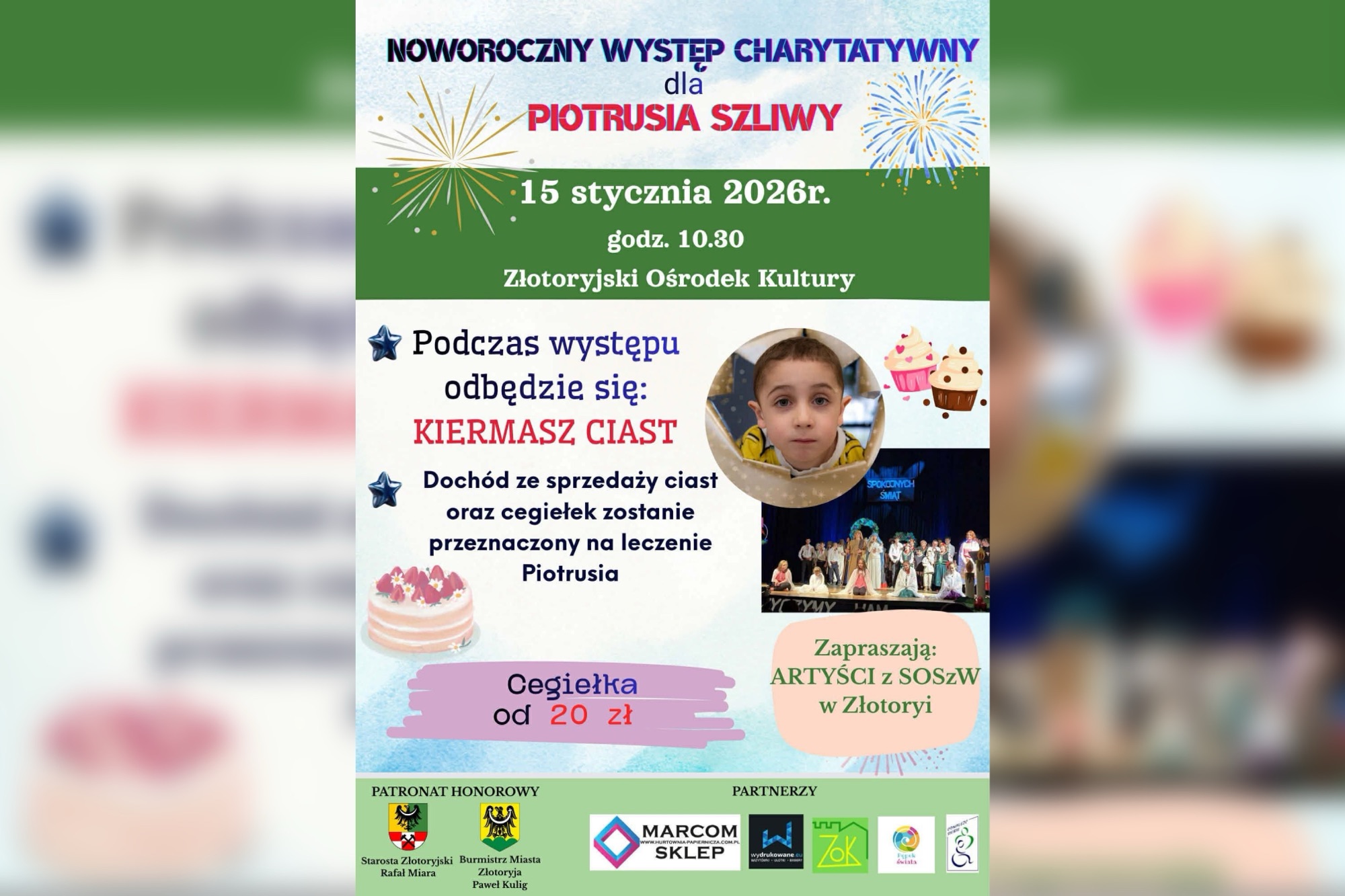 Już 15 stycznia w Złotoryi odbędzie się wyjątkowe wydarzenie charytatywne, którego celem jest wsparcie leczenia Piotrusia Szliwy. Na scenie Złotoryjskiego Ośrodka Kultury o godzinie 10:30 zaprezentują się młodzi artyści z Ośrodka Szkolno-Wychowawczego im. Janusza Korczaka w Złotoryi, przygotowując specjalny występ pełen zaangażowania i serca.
==================================================
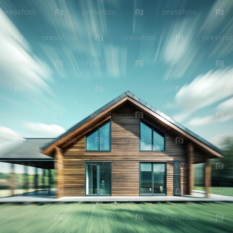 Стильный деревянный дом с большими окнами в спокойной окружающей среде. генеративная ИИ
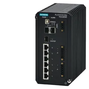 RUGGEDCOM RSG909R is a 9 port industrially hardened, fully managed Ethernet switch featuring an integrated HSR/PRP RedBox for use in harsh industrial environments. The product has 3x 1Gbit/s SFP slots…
==================================================
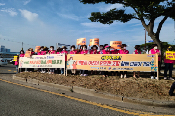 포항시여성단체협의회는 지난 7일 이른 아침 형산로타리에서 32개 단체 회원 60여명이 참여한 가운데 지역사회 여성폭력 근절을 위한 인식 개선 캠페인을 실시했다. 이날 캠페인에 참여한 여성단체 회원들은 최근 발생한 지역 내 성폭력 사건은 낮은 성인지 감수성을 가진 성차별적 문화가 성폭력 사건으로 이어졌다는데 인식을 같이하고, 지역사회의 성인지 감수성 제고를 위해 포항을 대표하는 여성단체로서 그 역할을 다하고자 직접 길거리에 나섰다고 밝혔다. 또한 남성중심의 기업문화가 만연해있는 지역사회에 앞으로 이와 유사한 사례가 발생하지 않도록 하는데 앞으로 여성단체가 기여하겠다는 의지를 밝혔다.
==================================================
Among the entries above, take the line with "Стильный деревянный дом", the line with "RUGGEDCOM RSG909R is", and all the lines between them, and restate them word for word without pictures.

Task result -
 Стильный деревянный дом с большими окнами в спокойной окружающей среде. генеративная ИИ
 RUGGEDCOM RSG909R is a 9 port industrially hardened, fully managed Ethernet switch featuring an integrated HSR/PRP RedBox for use in harsh industrial environments. The product has 3x 1Gbit/s SFP slots…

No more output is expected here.